__Try it__.
The entries contain pictures, which should not appear in the copy; everything else must be reproduced exactly.

········

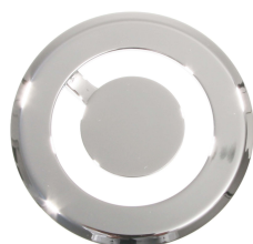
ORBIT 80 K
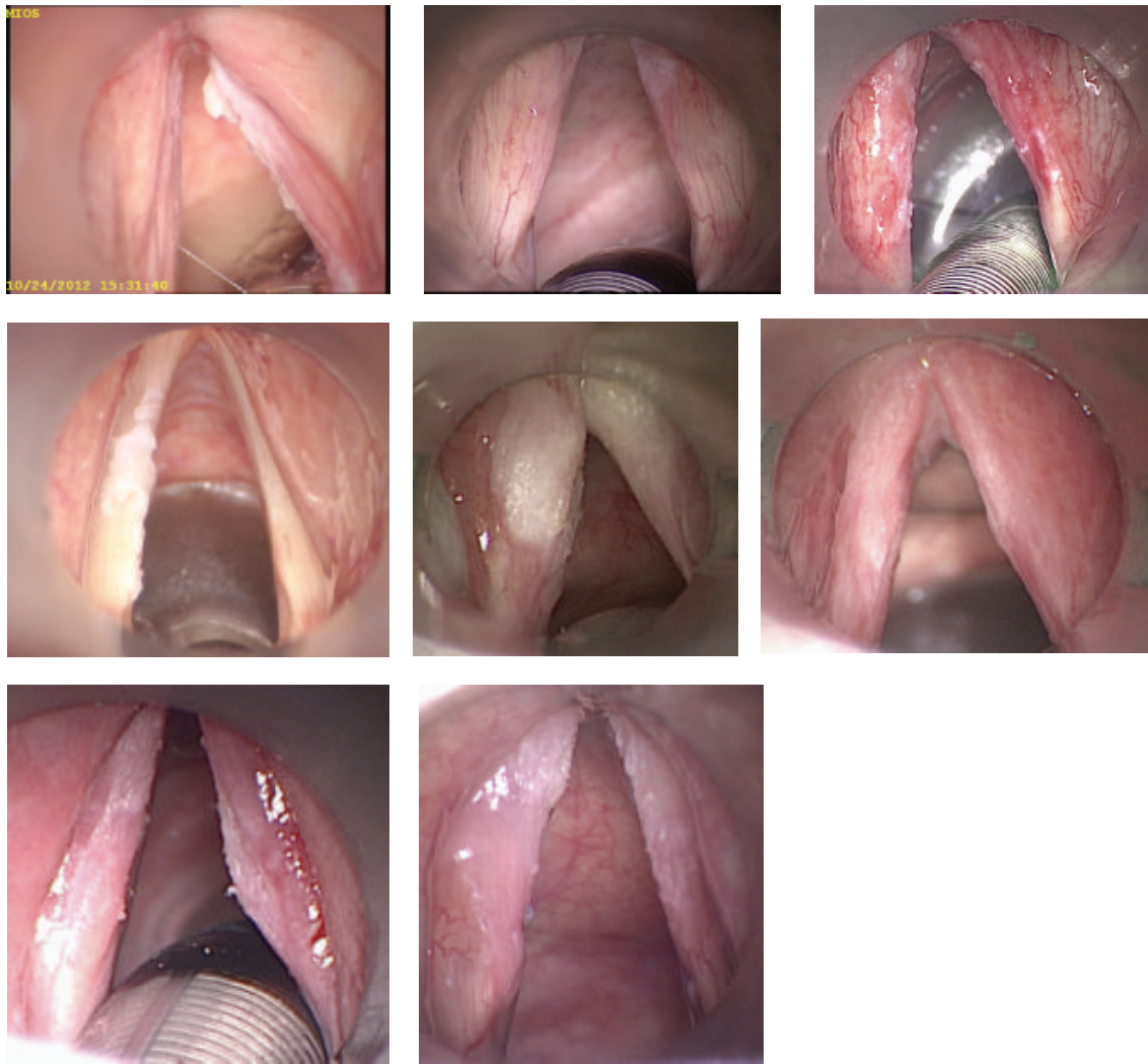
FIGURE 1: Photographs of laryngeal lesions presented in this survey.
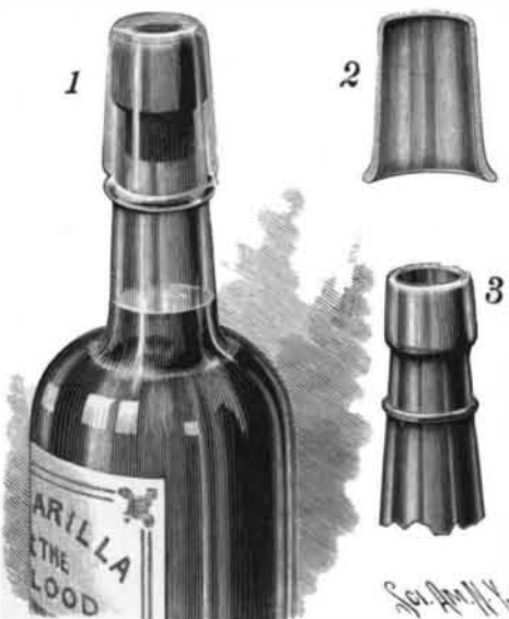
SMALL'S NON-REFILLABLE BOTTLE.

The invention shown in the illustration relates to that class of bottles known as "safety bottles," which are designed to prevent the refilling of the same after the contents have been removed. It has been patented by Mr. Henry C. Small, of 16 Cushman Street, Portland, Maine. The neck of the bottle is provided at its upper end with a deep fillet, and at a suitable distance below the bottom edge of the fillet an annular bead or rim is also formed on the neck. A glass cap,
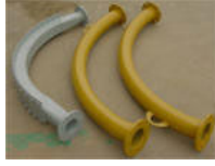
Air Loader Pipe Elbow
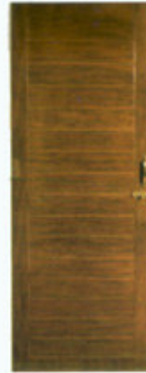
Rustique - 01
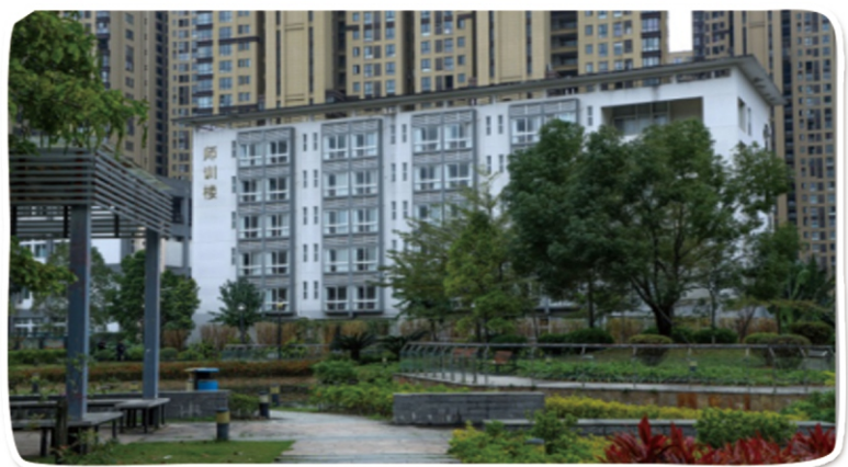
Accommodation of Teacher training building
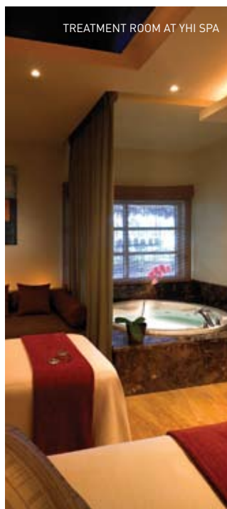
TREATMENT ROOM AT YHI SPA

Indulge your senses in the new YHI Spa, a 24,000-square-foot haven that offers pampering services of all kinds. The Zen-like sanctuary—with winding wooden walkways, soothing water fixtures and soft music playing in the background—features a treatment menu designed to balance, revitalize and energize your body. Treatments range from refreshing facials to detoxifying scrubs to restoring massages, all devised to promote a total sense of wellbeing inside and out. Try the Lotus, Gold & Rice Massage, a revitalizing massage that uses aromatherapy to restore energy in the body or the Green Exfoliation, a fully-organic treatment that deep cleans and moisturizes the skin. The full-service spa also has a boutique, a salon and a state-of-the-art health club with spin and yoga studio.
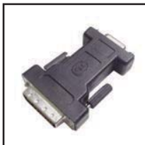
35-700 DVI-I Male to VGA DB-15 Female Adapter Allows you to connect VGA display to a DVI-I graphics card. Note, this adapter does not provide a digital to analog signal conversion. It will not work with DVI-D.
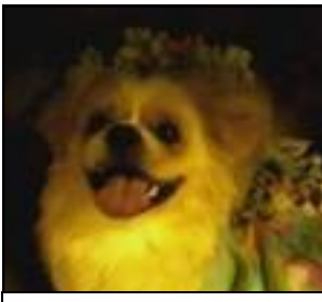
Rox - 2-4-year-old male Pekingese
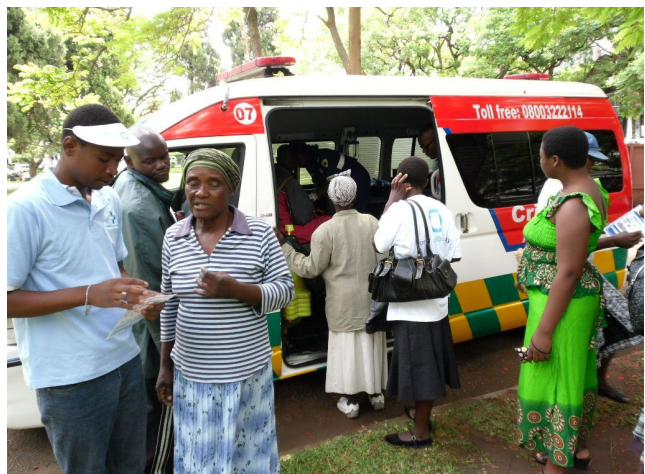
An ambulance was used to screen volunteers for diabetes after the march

········

__Output of the task__.
ORBIT 80 K
FIGURE 1: Photographs of laryngeal lesions presented in this survey.
SMALL'S NON-REFILLABLE BOTTLE.

The invention shown in the illustration relates to that class of bottles known as "safety bottles," which are designed to prevent the refilling of the same after the contents have been removed. It has been patented by Mr. Henry C. Small, of 16 Cushman Street, Portland, Maine. The neck of the bottle is provided at its upper end with a deep fillet, and at a suitable distance below the bottom edge of the fillet an annular bead or rim is also formed on the neck. A glass cap,
Air Loader Pipe Elbow
Rustique - 01
Accommodation of Teacher training building
TREATMENT ROOM AT YHI SPA

Indulge your senses in the new YHI Spa, a 24,000-square-foot haven that offers pampering services of all kinds. The Zen-like sanctuary—with winding wooden walkways, soothing water fixtures and soft music playing in the background—features a treatment menu designed to balance, revitalize and energize your body. Treatments range from refreshing facials to detoxifying scrubs to restoring massages, all devised to promote a total sense of wellbeing inside and out. Try the Lotus, Gold & Rice Massage, a revitalizing massage that uses aromatherapy to restore energy in the body or the Green Exfoliation, a fully-organic treatment that deep cleans and moisturizes the skin. The full-service spa also has a boutique, a salon and a state-of-the-art health club with spin and yoga studio.
35-700 DVI-I Male to VGA DB-15 Female Adapter Allows you to connect VGA display to a DVI-I graphics card. Note, this adapter does not provide a digital to analog signal conversion. It will not work with DVI-D.
Rox - 2-4-year-old male Pekingese
An ambulance was used to screen volunteers for diabetes after the march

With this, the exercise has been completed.